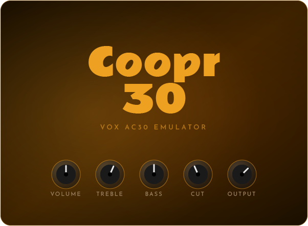 The chime, the shimmer, the grit — all of it. Coopr 30 models the legendary Vox AC30 from input to output with EF86/ECC83 channel modeling, Class A EL84 power amp with supply sag, and a full built-in pedalboard with 10 effect types.
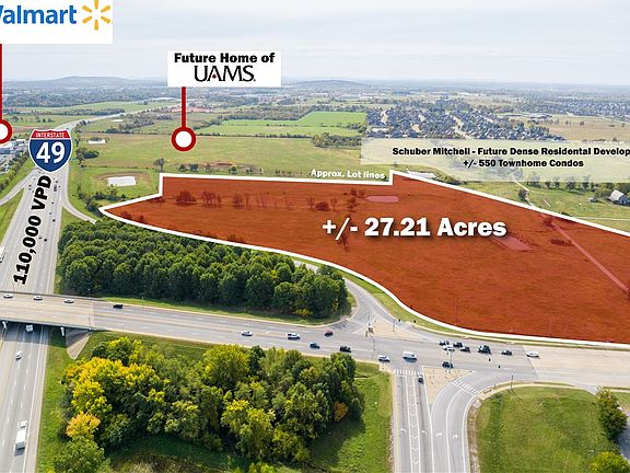 water, sewer, and gas available at the street and electric available on site. The current site plan is preliminary; shape, size, and access are subject to change and can be tailored to suit the end user. Surrounded by top national retailers such as Walmart, Starbucks, Chick-fil-A, McDonald's, Academy, and Ross, the property is ideally positioned for high-traffic commercial use. Ideal spot for retail, big box, grocery, and more. Located just 2.5 miles from Top Golf and Walmart AMP, 10 minutes from the new Walmart World HQ, and less than 20 minutes to XNA. Additionally, University of Arkansas for Medical Sciences (UAMS) is building a new facility directly next to this site, and Schuber Mitchell Homes is set to develop +/- 520 housing units - fueling growth and foot traffic to this dynamic location.
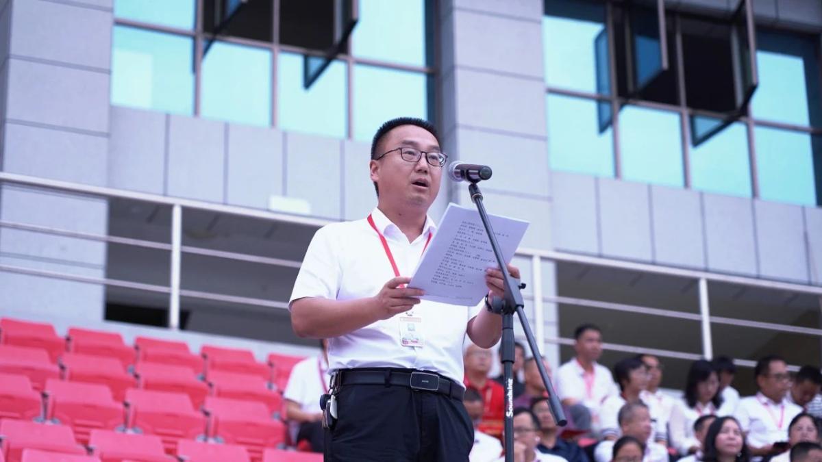 9月16日上午,我校2024级高职新生军训总结表彰会在学校体育场召开。校党委书记谢绍猛,党委副书记、校长翁波出席会议,党委委员、副校长陈杨晖主持会议。学校在家党委班子成员,各处室、部馆、中心负责人,二级学院班子成员、新生班级班主任和辅导员参加会议。
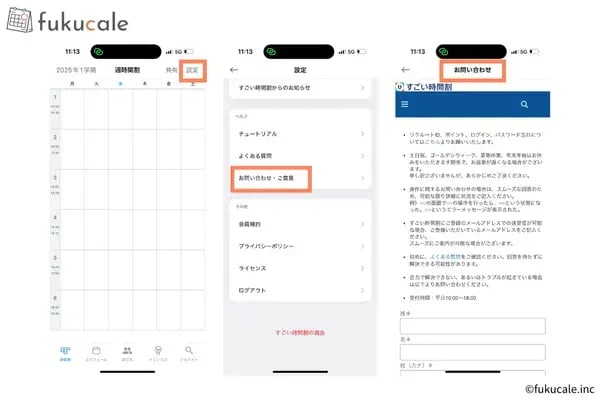登録後、画面右上の[設定]から[お問い合わせ・ご意見]をタップし、自分の大学が表示されない件について問い合わせてみましょう。
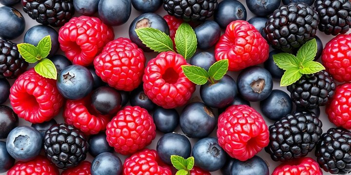 A vibrant mix of raspberries, blueberries, and blackberries, isolated on white, showcasing their juicy texture and rich color,  delicious,  antioxidants
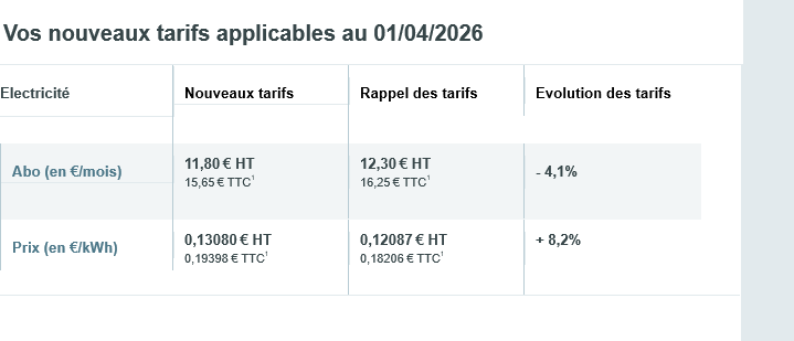 Ouais donc plus élevé que les tarifs actuels chez fes fournisseurs avec prix bloqués pendant 12 mois.
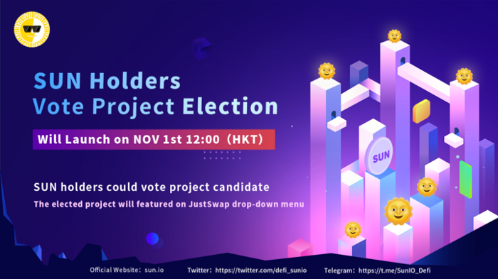 Voting will be open from 12:00 AM, November 1st, 2020 (HKT) to 12:00AM, November 7th, 2020. With their SUN tokens, SUN community members can vote for their favorite project participants and help their selected candidates to win a place in the JustSwap website, where the project can stay in the referral slot for 3 months, thus bringing more visibility to a community-chosen project.

Problem to solve
With the pictures left out, please output each line from the one containing "A vibrant mix" through the end of the entries, exactly as it is.

Solution for this exercise
 A vibrant mix of raspberries, blueberries, and blackberries, isolated on white, showcasing their juicy texture and rich color,  delicious,  antioxidants
 Ouais donc plus élevé que les tarifs actuels chez fes fournisseurs avec prix bloqués pendant 12 mois.
 Voting will be open from 12:00 AM, November 1st, 2020 (HKT) to 12:00AM, November 7th, 2020. With their SUN tokens, SUN community members can vote for their favorite project participants and help their selected candidates to win a place in the JustSwap website, where the project can stay in the referral slot for 3 months, thus bringing more visibility to a community-chosen project.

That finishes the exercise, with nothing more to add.